La felicidad es una sensación de euforia seguida de una calma reconfortante que experimenta el cerebro cuando percibe que el mundo responde a sus expectativas. En realidad, no es más que una simple estratagema química para reforzar positivamente su conducta. Es como una palmadita en el hombro: «Bien hecho; por ahí vamos bien». No hay que olvidar que el objetivo final del cerebro es crear modelos del mundo (un mundo en continuo cambio) que nos permitan predecirlo, con lo que aumenta nuestra probabilidad de supervivencia.

Estos días de pascua son de transición en mi curso, también en mi vida, recluido en casa por un vulgar virus gripal, pero a la vez activado por la urgencia de terminar un trabajo, decepcionado e infeliz por unas cosas, animado hasta la euforia por otras, agradecido siempre por la simple sensación de estar vivo; un torrente, en fin, de sabores agridulces que me empujan hacia no sé dónde. En estas estoy cuando me paro a pensar en cómo calcula mi cerebro si estoy lo suficientemente feliz como para recompensarme con la paz. Es raro simplemente imaginar al cerebro observándose a sí mismo, invadido por la misma impresión de inefabilidad que nos provoca la contemplación del universo exterior. Lo único que puede hacer, tras renunciar a conocerse de verdad, es intentar crear un modelo que lo explique aproximadamente.
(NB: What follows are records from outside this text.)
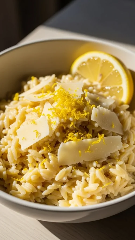 This orzo becomes smooth and silky with cream and Parmesan, while lemon adds gentle freshness. It’s warm, comforting, and still light enough for busy evenings. The texture is creamy like risotto but cooks much faster.
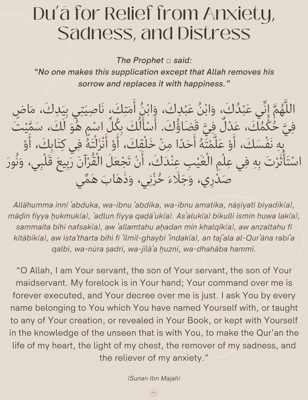 The Prophet ﷺ said: “There is no one who is afflicted by distress and sorrow and says this du‘ā except that Allah will remove his distress and replace it with joy.” The companions asked, “O Messenger of Allah, should we learn these words?” He ﷺ said, “Yes, whoever hears them should learn them.” (Ahmad)
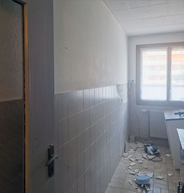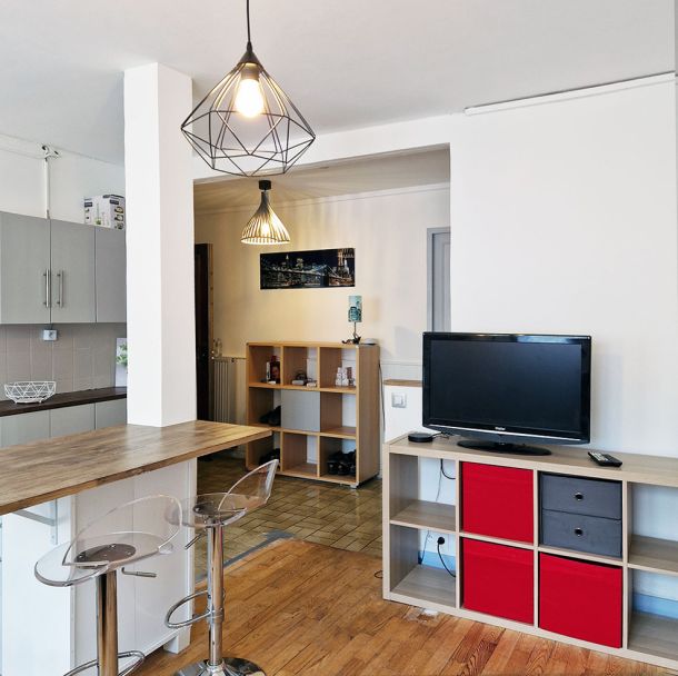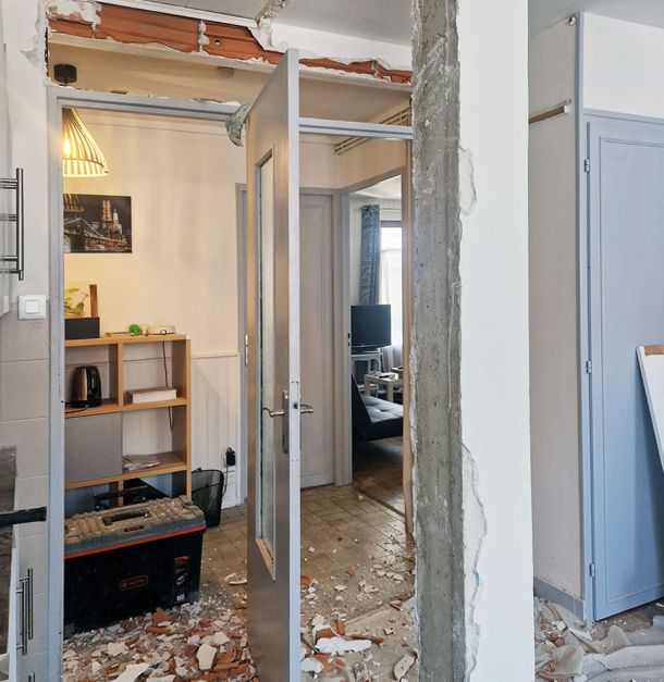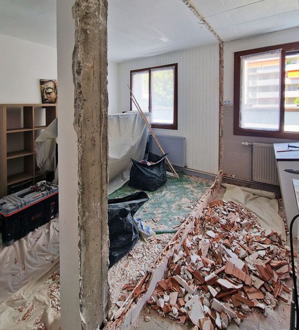 Dans cet immeuble datant des années 1960, la cuisine était très étroite, et le salon était isolé entre 3 chambres. Nous avons redistribué les pièces afin de transformer la chambre attenante à la cuisine en salon, et créer ainsi un grand espace salon sur cuisine ouverte. L'ancien salon a été transfomé en chambre. pour celà nous avons abbattu une cloison et créé une ouverture pour installer une porte. Ces transformations ont rendu cet appartement beaucoup plus fonctionnel et agréable à vivre, et ont donné de la valeur au bien.

Eso es lo que hizo un grupo de neurobiólogos del University College of London y la Max Planck Gesellshaft hace un par de años, tras estudiar la relación entre la sensación subjetiva de felicidad, la actividad cerebral y la vida de los cobayas humanos que emplearon en el estudio. Dieron con una fórmula relativamente compleja que permitía predecir más o menos el estado de felicidad de un cerebro en un momento determinado a partir de una multitud de datos relacionados con su felicidad innata, su percepción consciente del fracaso y el sufrimiento, su capacidad para olvidar y sus propias expectativas de tener éxito y ser feliz en la vida. Básicamente, aquella ecuación para calcular la felicidad venía a decir que la sensación de felicidad es un balance entre la cantidad y magnitud de los éxitos conseguidos y las expectativas que nos hayamos puesto, de manera que cuanto mayores sean las expectativas, más probable será nuestra infelicidad. Algo que, por otra parte, siempre se ha considera de sentido común.
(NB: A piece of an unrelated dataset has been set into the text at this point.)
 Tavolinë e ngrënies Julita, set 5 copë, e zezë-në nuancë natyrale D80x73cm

Pasados más de dos años desde aquella fórmula, los mismos investigadores han elaborado una segunda fórmula, más precisa, con más poder de predicción, en la que incluyen un par de términos relacionados con la percepción que el cerebro tiene de su felicidad en relación con el estado de felicidad de otros cerebros. Tan importante como la conciencia del éxito conseguido es la conciencia de si ese éxito es mayor o menor que el de nuestros amigos, compañeros y vecinos. Tanto o más importante que el sueldo que ganamos es la conciencia o la percepción relativa de que ese sueldo es mayor o menor que el de las personas de nuestro entorno.
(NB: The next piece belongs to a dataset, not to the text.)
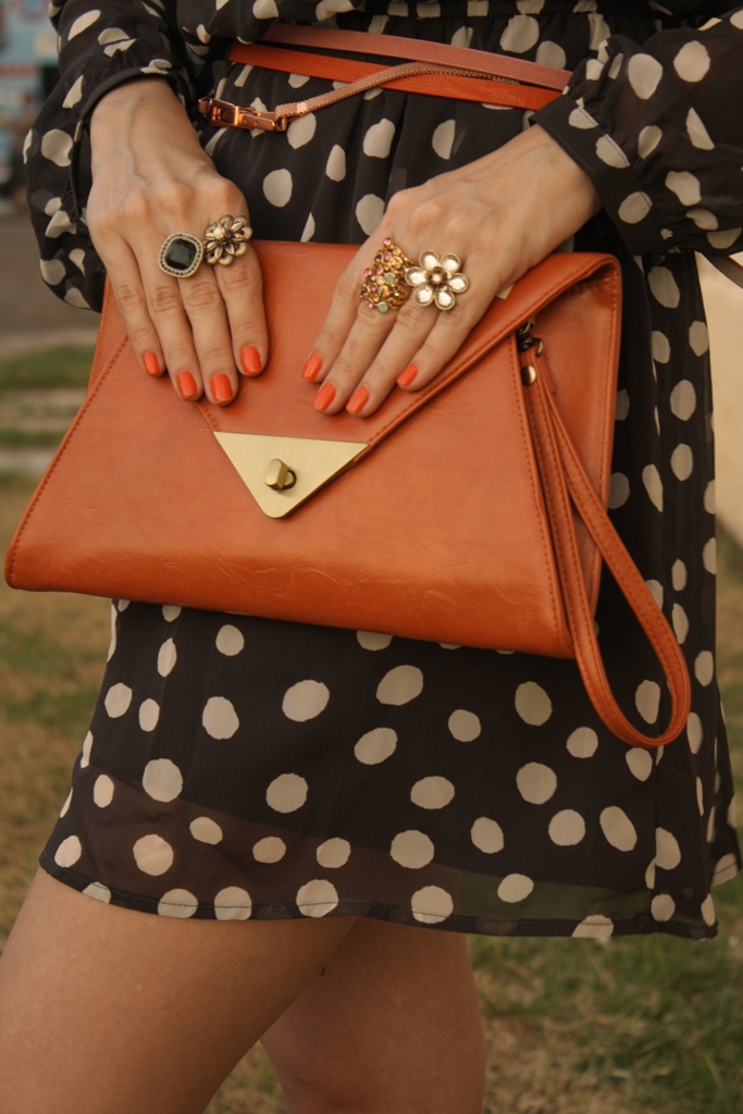 Vestido Forever 21 (Dona Tetê); Cintos Dona Tetê; Clutch Empório Bijux; Anéis L’éclat; Colar Forever 21; Sapatos Santa Lolla.

Hay varias cosas interesantes en estas fórmulas. En primer lugar, dichas fórmulas de la felicidad solo han venido a describir científicamente, a través de un lenguaje matemático más preciso, algo que ya formaba parte de la sabiduría popular. En segundo lugar, nos muestran cómo la felicidad de un individuo está determinada por las expectativas creadas por su cultura, en el plano social, aparte de por sus genes, en el nivel individual. Y, en tercer lugar, la sensación de felicidad parece ser un indicador del grado de cohesión social. El nivel de sensación de felicidad de un individuo es un factor determinante de la productividad del individuo dentro de la sociedad. O sea que tu felicidad particular es de interés público y general. Así que vamos a procurar crearnos expectativas personales razonables y construyamos sociedades más cohesionadas. Y si no, por lo menos, intentemos sentirnos felices por el simple hecho de estar vivos. Por ahora, los científicos no saben cómo hacer que un cerebro esté sano y feliz siempre.